WHAT THIS TASK INVOLVES: From the first line below to the last, reproduce the material exactly and leave out the images.

DATA BLOCK:
Content starts

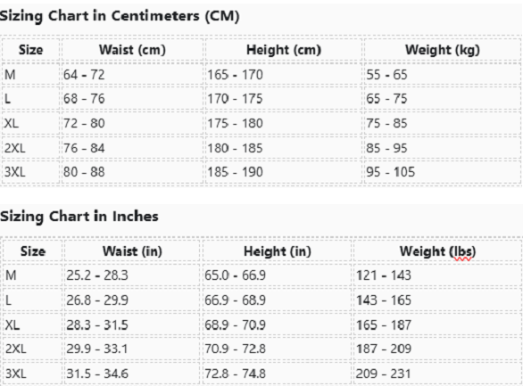 | Size | Waist (cm) | Height (cm) | Weight (kg) |
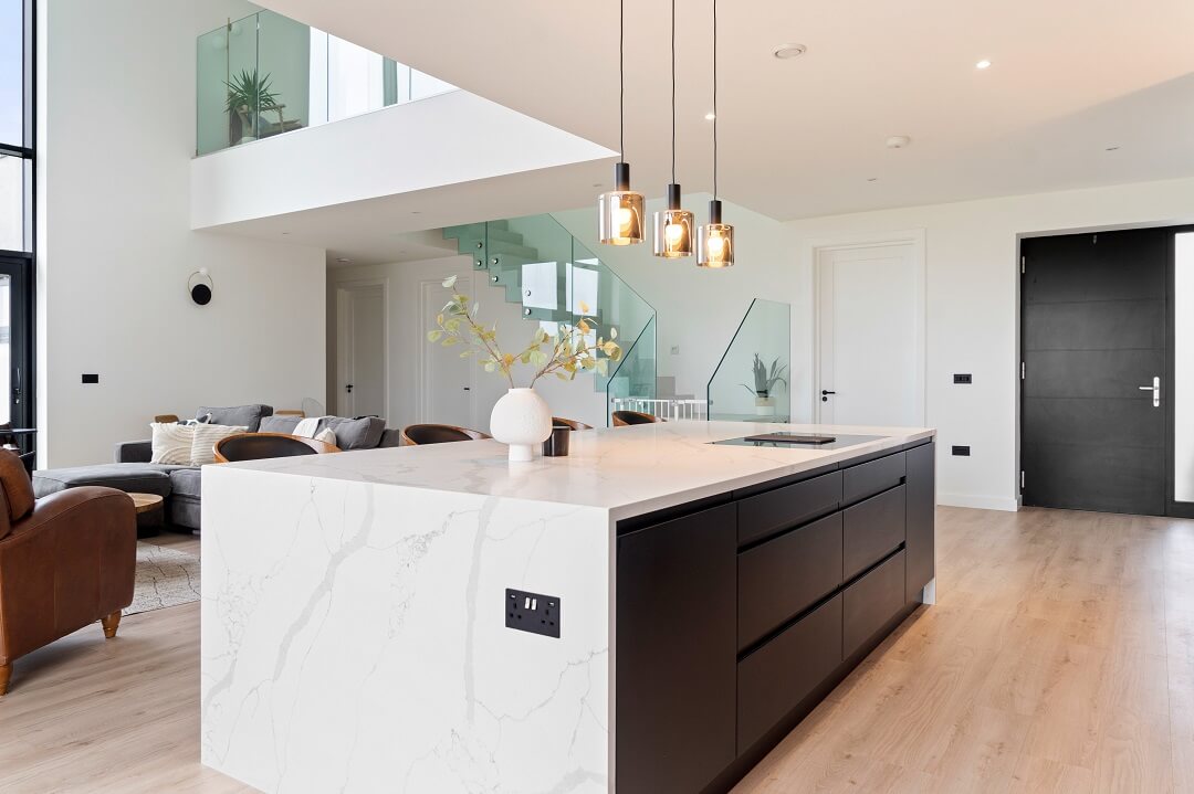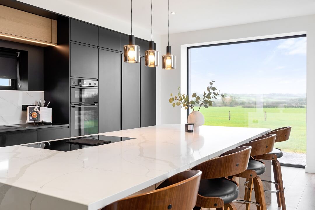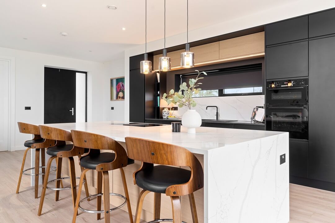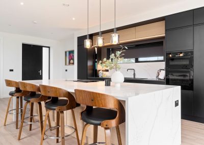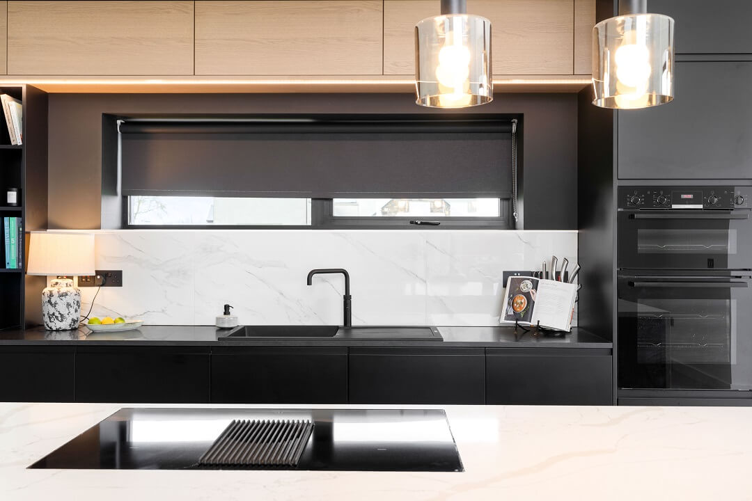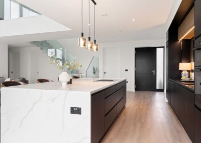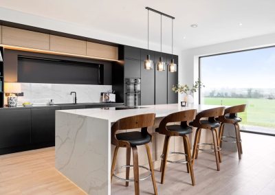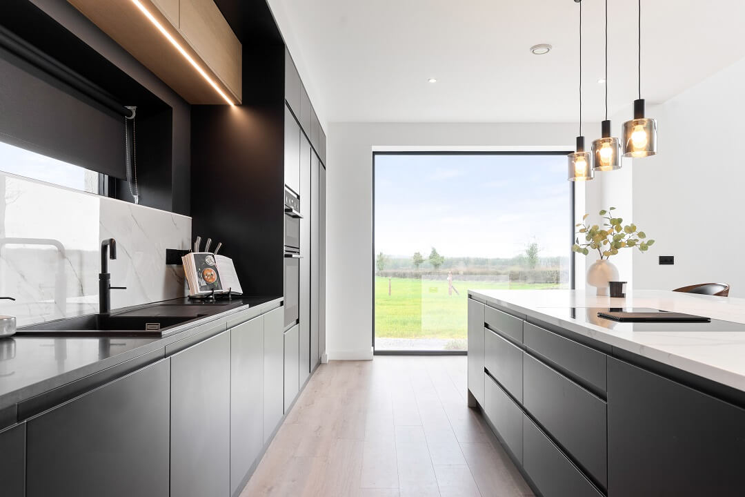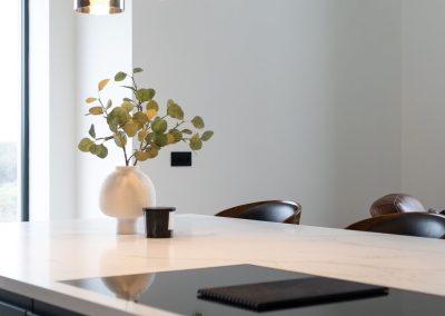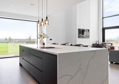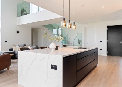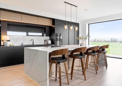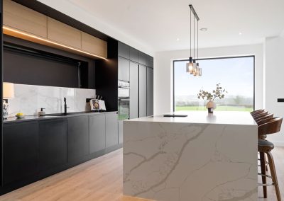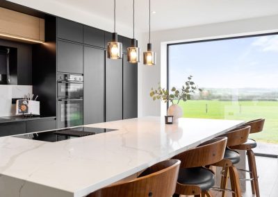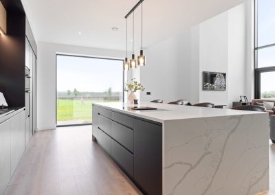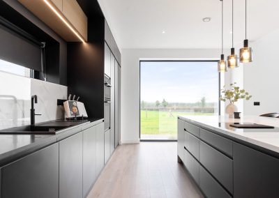 Here we had a young couple moving home from the west coast of the USA to build a home for their family. The design featured flat roofs, large picture windows throughout and a huge open-plan feel. The whole concept was truly stunning on paper and the kitchen, being one of the focal points of the whole build, needed to follow suit. Our clients came to us with plenty of ideas and examples they’d gathered and we really enjoyed the design stage of this project. The results speak for themselves.
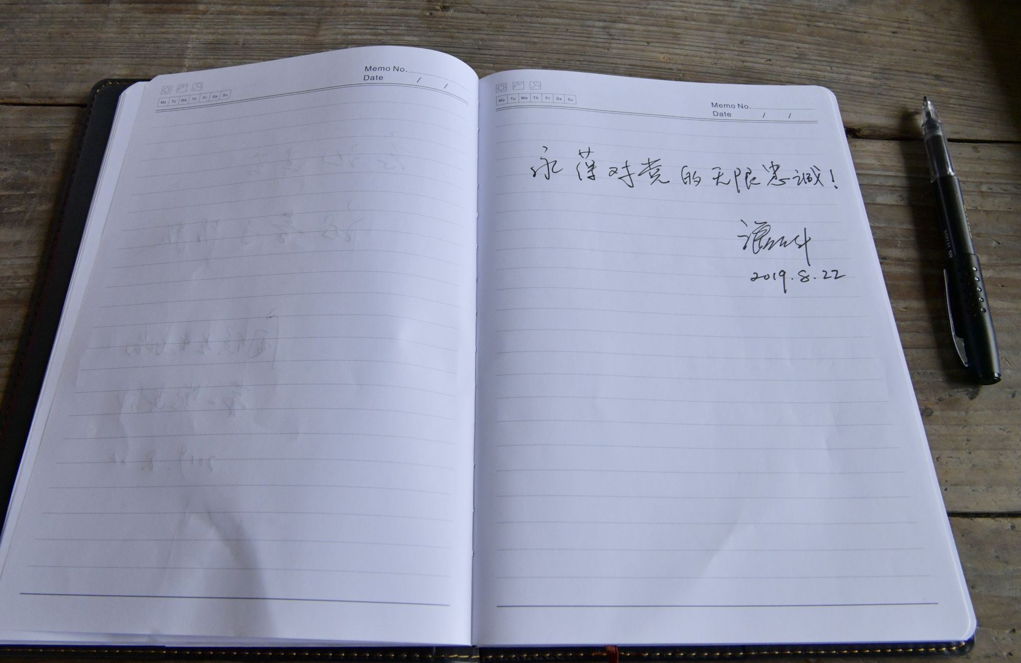 潘东升参加主题党日活动,手书“永葆对党的无限忠诚”(2019年8月22日摄)。新华社发(福州市公安局供图)
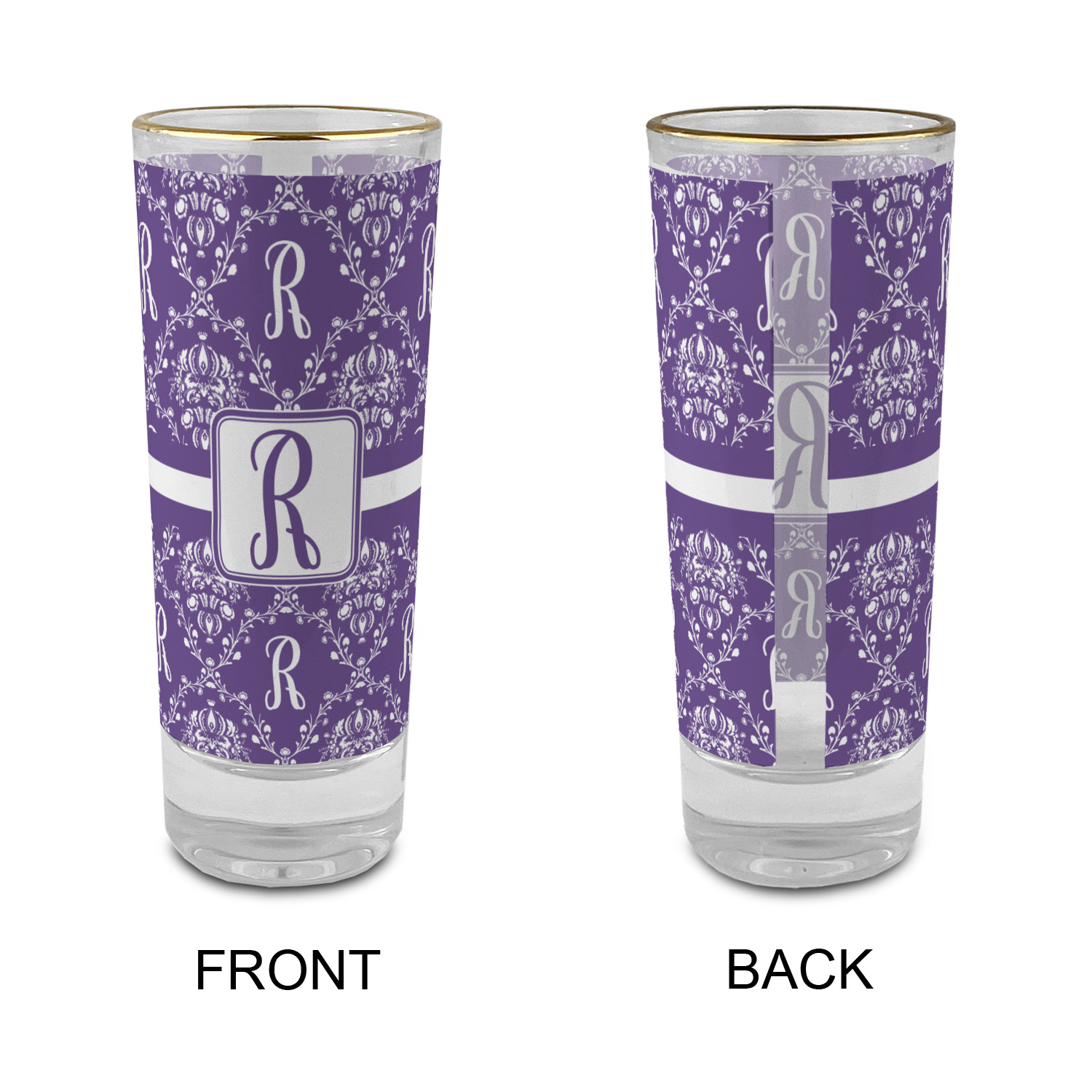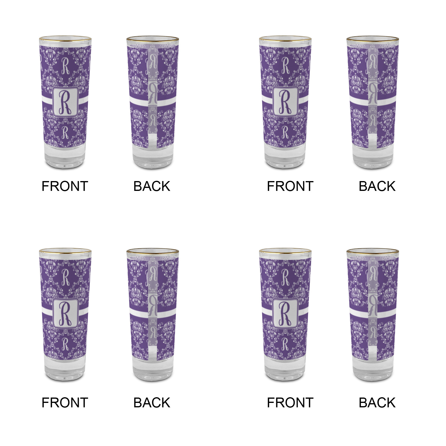 These glass shooter glasses are printed in full color with the design of your choice. These are a tall shooter 2 oz size and stand 4" tall. The print is a full wrap design to boldly display your personalization.

Content ends

SOLUTION:
 | Size | Waist (cm) | Height (cm) | Weight (kg) |
 Here we had a young couple moving home from the west coast of the USA to build a home for their family. The design featured flat roofs, large picture windows throughout and a huge open-plan feel. The whole concept was truly stunning on paper and the kitchen, being one of the focal points of the whole build, needed to follow suit. Our clients came to us with plenty of ideas and examples they’d gathered and we really enjoyed the design stage of this project. The results speak for themselves.
 潘东升参加主题党日活动,手书“永葆对党的无限忠诚”(2019年8月22日摄)。新华社发(福州市公安局供图)
 These glass shooter glasses are printed in full color with the design of your choice. These are a tall shooter 2 oz size and stand 4" tall. The print is a full wrap design to boldly display your personalization.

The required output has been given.